Thursday, May 29, 2008


WASH POST Obama has not emphasized any signature domestic issue, or signaled that he would take his party in a specific direction on policy, as Bill Clinton did with his "New Democrat" proposals in 1992 that emphasized welfare reform or as George W. Bush did with his "compassionate conservatism" in 2000, when he called on Republicans to focus more on issues such as education. . .

Heather Higginbottom, who runs Obama's policy office at the campaign's Chicago headquarters, cited education as one area in which Obama offers ideas that are not traditionally Democratic, arguing that the problem is not all about schools or funding, but about parents who let their children watch too much television. She said his proposal to give teachers bonus pay if they receive special training or if their students score high on standardized tests is an idea that some liberal-leaning teachers unions oppose. And she said the campaign has brought "fresh thinking" on many issues, particularly on one of Obama's favorites: increased government transparency. . .

David Axelrod, Obama's top political adviser, said that the campaign will devote more staff members to policy (there are now seven) and that the senator's speeches will increasingly highlight his proposals. "The next six months is going to be about competing visions for this country," he said. "Obama is looking forward, and his policies will reflect that."

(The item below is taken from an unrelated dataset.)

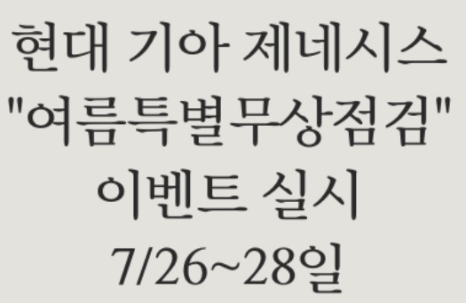 '여름무 특별 무상점검 서비스'에 대한 자세한 사항은 각 업체 고객센터(현대자동차 080-600-6000 /제네시스 080-700-6000 / 기아 080-200-2000)로 문의하면 안내가 가능합니다.

Obama's domestic policy proposals, including expanding health care to all Americans and offering tax cuts for the middle class while raising taxes for those who make more than $250,000 a year, differ little from those that Clinton and other Democrats have proposed during the primaries. His ideas for solving the nation's housing crisis are similar to those of congressional Democrats, offering aid to people who cannot pay their mortgages and proposing a second economic stimulus package.